The dangerous world of Regency London

The Regency of England refers roughly to 1811 to 1820, though the term more broadly includes 1800 to 1830. When George III, stricken with illness, was no longer able to function, his eldest son, the Prince, became Regent in his place. “The Regency took its tone from the larger-than-life figure of the Prince of Wales… The age spawned a bustling underworld of scandal, criminality, gambling and personal notoriety. Embezzlement and fraud flourished then as now. The war against France caused more instability and led to the collapse of law and order.” (Low, Sutton, p. xxv)

Authors of crime stories and mysteries, like me, must enter the dangerous world of this time. Low says that London, England “outperformed the rest of the British Isles in crime and vice.” (Low, p. xi) There was no police force, as such, until the Victorian period, adding to this instability. The growth of the underworld had begun in the 18th century (Georgian period). In London, Henry Fielding became a salaried chief magistrate of Westminster in 1749. He established the Bow Street group, whose men became known as the Bow Street Runners. Henry’s brother Sir John Fielding continued the work, and by the time of the Regency the work of the Runners had expanded considerably.
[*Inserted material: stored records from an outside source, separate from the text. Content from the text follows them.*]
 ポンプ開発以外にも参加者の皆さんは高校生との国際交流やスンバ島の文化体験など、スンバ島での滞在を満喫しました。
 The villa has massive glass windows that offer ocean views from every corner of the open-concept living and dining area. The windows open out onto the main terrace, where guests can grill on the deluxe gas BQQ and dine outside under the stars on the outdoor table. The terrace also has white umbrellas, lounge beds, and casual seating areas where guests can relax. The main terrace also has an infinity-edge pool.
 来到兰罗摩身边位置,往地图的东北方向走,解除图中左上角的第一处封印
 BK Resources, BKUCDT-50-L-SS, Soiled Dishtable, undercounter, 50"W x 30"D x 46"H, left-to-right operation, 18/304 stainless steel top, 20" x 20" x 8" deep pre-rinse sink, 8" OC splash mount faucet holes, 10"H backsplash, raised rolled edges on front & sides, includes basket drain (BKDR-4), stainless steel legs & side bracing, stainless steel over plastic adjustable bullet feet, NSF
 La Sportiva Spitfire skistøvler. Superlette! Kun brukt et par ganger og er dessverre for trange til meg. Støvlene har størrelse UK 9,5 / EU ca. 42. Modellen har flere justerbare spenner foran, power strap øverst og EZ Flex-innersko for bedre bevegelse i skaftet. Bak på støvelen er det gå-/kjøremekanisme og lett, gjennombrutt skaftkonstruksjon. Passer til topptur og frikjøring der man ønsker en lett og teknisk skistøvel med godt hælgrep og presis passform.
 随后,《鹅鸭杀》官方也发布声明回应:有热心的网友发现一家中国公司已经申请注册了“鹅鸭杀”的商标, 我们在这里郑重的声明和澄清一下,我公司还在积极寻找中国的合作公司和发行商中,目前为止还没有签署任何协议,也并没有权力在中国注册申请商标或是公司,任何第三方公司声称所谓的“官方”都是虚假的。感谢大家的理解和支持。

London embodied a complex world in the Regency. Crime abounded in many forms and areas. From the gambling dens frequented by the wealthy, who also used the services of the deminondaines, or better-class prostitutes, to the prostitutes who frequented the Drury Lane and Covent Garden theater area, the area of ​​murderers and escaped convicts–the crime takes precedence. The dark streets encouraged thieves and pickpockets (gas lighting was installed in some streets of Pall Mall in 1807) to target the public, and well-bred females did not roam at night without the protection of men. Few from the West End traveled to the East End without good reason, and a fully loaded pistol or two.

The thieves came from the East End colonias, or criminal districts like St. Giles and Whitechapel. In these dens of crime the ‘flash houses’ flourished. These were numerous pubs frequented by criminals teaching children to steal, pickpocketing, robbery and worse crimes. Bribery, extortion and blackmail were rampant. While the underworld bosses ruled this part of the city, the brothel owners ruled over the unlucky young women, who found their way to them.

South of the River Thames, home to wild orgies of prostitutes and gin-drinking drunks, it was also home to the ‘Resurrection Men’, who sold corpses to surgeons and were not averse to killing to do so, although they raided graves. it was his ‘forte’. The Thames itself was bent by sailors, called ‘River Men’, who looted warehouses, docks and ships.

All of this crime kept the Bow Street Runners on their toes, as the night watchmen were ineffective. In 1800 the Thames River Police Act was established. In 1805, a Bow Street horse patrol of sixty men rode into Hounslow Heath, a notorious center for highwaymen, who terrorized travellers. Many wanted reforms, but the bills introduced were slow to take effect, so crime remained high until the Victorian period, when a police force was created. You can see what my heroes and heroines had to deal with while fighting crime.